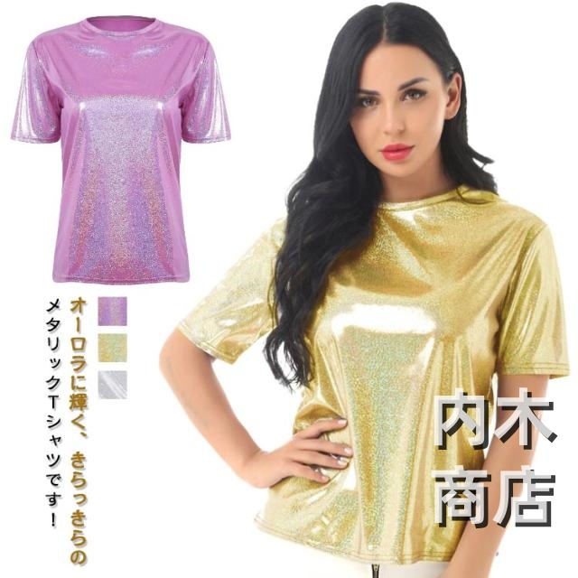 | オーロラに輝く、きらっきらのメタリックTシャツです! 普段使いにはもちろん、ダンスの衣装やイベントにも♪インスタ映えします♪ ストレッチ性のあるつるつるとした素材。薄手なので、サラッと軽く着心地◎ ラメとは違った輝きのある華やかな生地がとてもゴージャス! 光の当たりかたで多色に見えます。チームや団体でお揃いで着用できます! | |
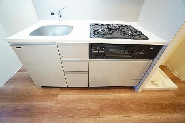 | 設備 | ガス(都市ガス)、インターホン(TVモニター付き)、防犯カメラ、人感センサー、ダブルロック、オートロック、宅配ボックス、専用ゴミ置き場(あり)、フローリング、ベランダ・バルコニー、下駄箱、バス・トイレ別(別室)、シャワー、浴室乾燥機、脱衣所、給湯、温水洗浄便座、洗面所独立、シャンプードレッサー、洗濯機置き場(室内)、コンロ設置済、コンロ口数(3)、コンロ種類(都市ガス)、グリル、システムキッチン、エアコン、エアコン台数(1)、24H換気システム、BS、地デジ(UHF)、光ファイバー、インターネット使用料無料 | ||
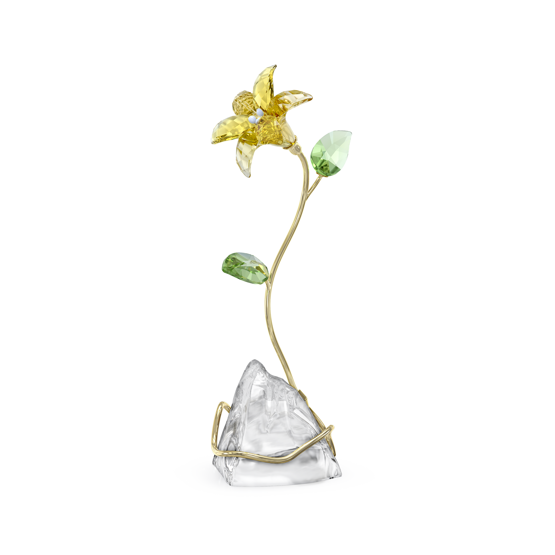This radiant lily perfectly encapsulates Swarovski’s savoir-faire. Produced with 222 light-catching facets, the yellow flower is accompanied by green crystallized leaves, all set on a gold-tone metal stem that gracefully entwines across a natural unfaceted crystal base. Representing purity and innocence, this freestanding design would make a truly elegant addition to any home décor. No vase or base required. Decoration object. Not a toy. Not suitable for children under 15.
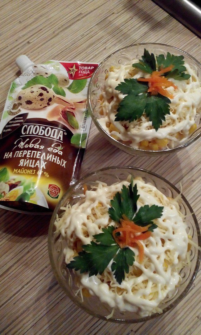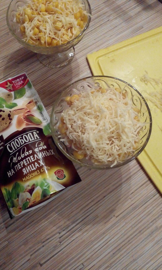 Далее идет слой кукурузы и слой натертого сыра.

To do: Line for line, restate the data above and omit every picture.

Solution to this problem:
 | オーロラに輝く、きらっきらのメタリックTシャツです! 普段使いにはもちろん、ダンスの衣装やイベントにも♪インスタ映えします♪ ストレッチ性のあるつるつるとした素材。薄手なので、サラッと軽く着心地◎ ラメとは違った輝きのある華やかな生地がとてもゴージャス! 光の当たりかたで多色に見えます。チームや団体でお揃いで着用できます! | |
 | 設備 | ガス(都市ガス)、インターホン(TVモニター付き)、防犯カメラ、人感センサー、ダブルロック、オートロック、宅配ボックス、専用ゴミ置き場(あり)、フローリング、ベランダ・バルコニー、下駄箱、バス・トイレ別(別室)、シャワー、浴室乾燥機、脱衣所、給湯、温水洗浄便座、洗面所独立、シャンプードレッサー、洗濯機置き場(室内)、コンロ設置済、コンロ口数(3)、コンロ種類(都市ガス)、グリル、システムキッチン、エアコン、エアコン台数(1)、24H換気システム、BS、地デジ(UHF)、光ファイバー、インターネット使用料無料 | ||
This radiant lily perfectly encapsulates Swarovski’s savoir-faire. Produced with 222 light-catching facets, the yellow flower is accompanied by green crystallized leaves, all set on a gold-tone metal stem that gracefully entwines across a natural unfaceted crystal base. Representing purity and innocence, this freestanding design would make a truly elegant addition to any home décor. No vase or base required. Decoration object. Not a toy. Not suitable for children under 15.
 Далее идет слой кукурузы и слой натертого сыра.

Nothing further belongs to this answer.